=== EXERCISE GOAL ===
Every line of the listing below must be printed again exactly, apart from its pictures.

=== STORED DATA ===
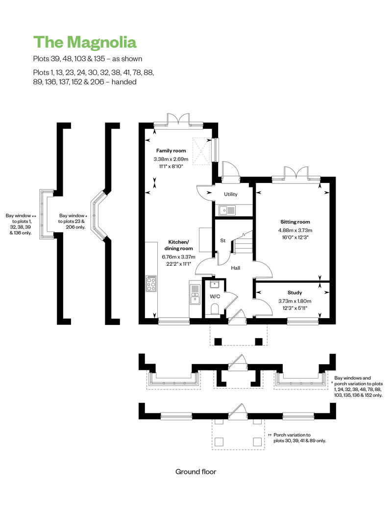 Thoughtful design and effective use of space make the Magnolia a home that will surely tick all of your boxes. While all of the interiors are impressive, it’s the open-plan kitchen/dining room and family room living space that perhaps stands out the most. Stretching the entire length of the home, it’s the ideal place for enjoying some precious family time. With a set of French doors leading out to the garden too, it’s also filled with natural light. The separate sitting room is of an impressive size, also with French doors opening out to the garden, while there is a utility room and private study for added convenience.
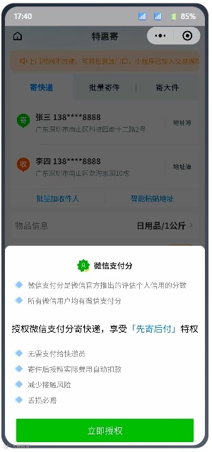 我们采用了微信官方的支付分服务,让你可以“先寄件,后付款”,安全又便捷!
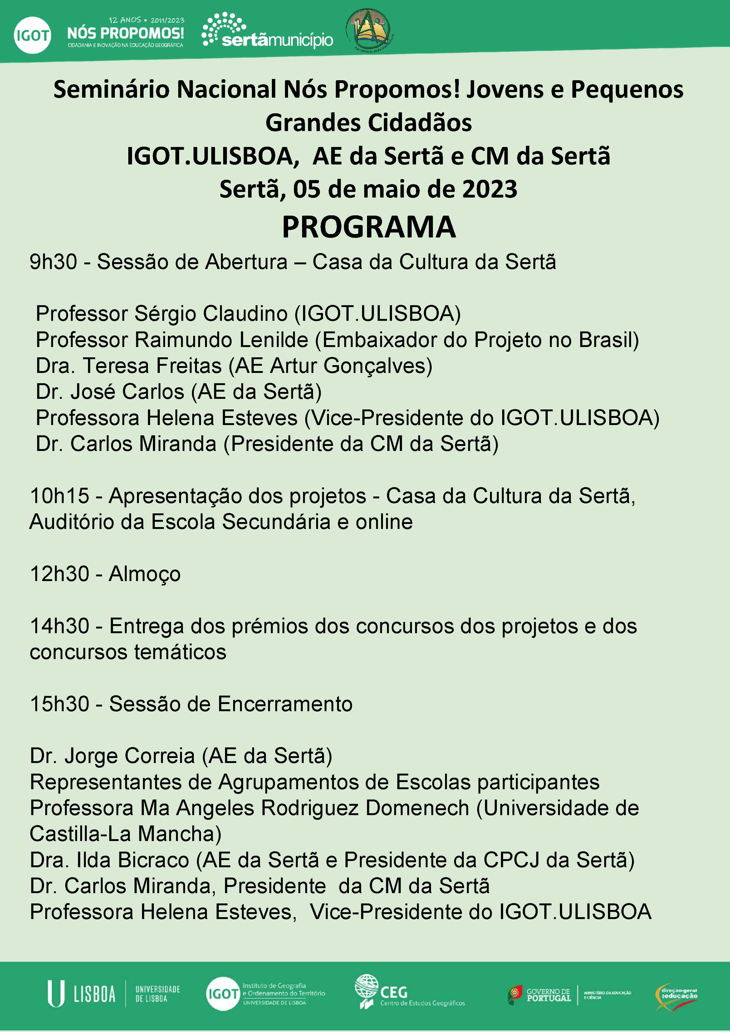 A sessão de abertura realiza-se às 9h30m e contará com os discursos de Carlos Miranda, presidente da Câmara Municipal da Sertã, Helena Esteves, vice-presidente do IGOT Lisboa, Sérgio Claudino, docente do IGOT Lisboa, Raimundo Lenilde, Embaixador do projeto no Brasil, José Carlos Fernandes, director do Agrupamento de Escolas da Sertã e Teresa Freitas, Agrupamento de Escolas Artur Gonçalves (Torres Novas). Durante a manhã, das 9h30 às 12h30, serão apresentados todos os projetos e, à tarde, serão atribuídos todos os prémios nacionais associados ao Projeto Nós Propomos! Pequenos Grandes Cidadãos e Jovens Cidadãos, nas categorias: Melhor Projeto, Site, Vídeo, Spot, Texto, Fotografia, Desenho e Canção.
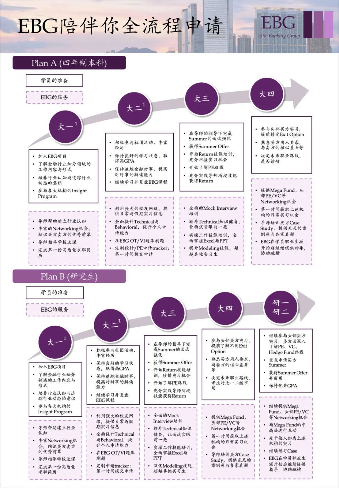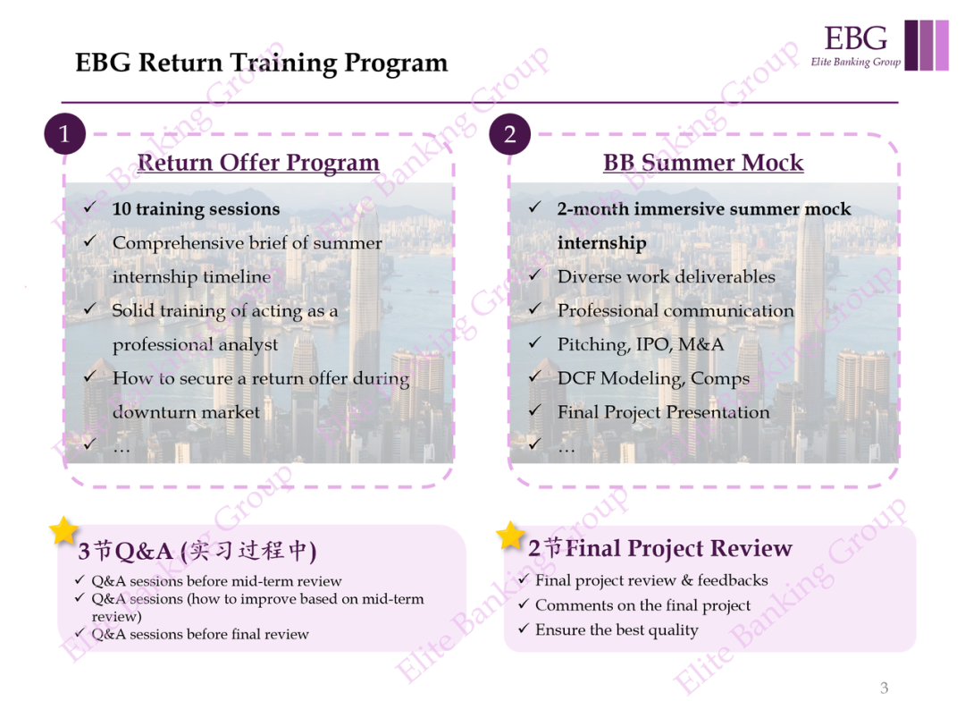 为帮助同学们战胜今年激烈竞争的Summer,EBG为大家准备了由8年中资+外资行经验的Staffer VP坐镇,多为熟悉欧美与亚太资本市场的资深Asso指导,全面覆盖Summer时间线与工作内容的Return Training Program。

=== TASK OUTPUT ===
 Thoughtful design and effective use of space make the Magnolia a home that will surely tick all of your boxes. While all of the interiors are impressive, it’s the open-plan kitchen/dining room and family room living space that perhaps stands out the most. Stretching the entire length of the home, it’s the ideal place for enjoying some precious family time. With a set of French doors leading out to the garden too, it’s also filled with natural light. The separate sitting room is of an impressive size, also with French doors opening out to the garden, while there is a utility room and private study for added convenience.
 我们采用了微信官方的支付分服务,让你可以“先寄件,后付款”,安全又便捷!
 A sessão de abertura realiza-se às 9h30m e contará com os discursos de Carlos Miranda, presidente da Câmara Municipal da Sertã, Helena Esteves, vice-presidente do IGOT Lisboa, Sérgio Claudino, docente do IGOT Lisboa, Raimundo Lenilde, Embaixador do projeto no Brasil, José Carlos Fernandes, director do Agrupamento de Escolas da Sertã e Teresa Freitas, Agrupamento de Escolas Artur Gonçalves (Torres Novas). Durante a manhã, das 9h30 às 12h30, serão apresentados todos os projetos e, à tarde, serão atribuídos todos os prémios nacionais associados ao Projeto Nós Propomos! Pequenos Grandes Cidadãos e Jovens Cidadãos, nas categorias: Melhor Projeto, Site, Vídeo, Spot, Texto, Fotografia, Desenho e Canção.
 为帮助同学们战胜今年激烈竞争的Summer,EBG为大家准备了由8年中资+外资行经验的Staffer VP坐镇,多为熟悉欧美与亚太资本市场的资深Asso指导,全面覆盖Summer时间线与工作内容的Return Training Program。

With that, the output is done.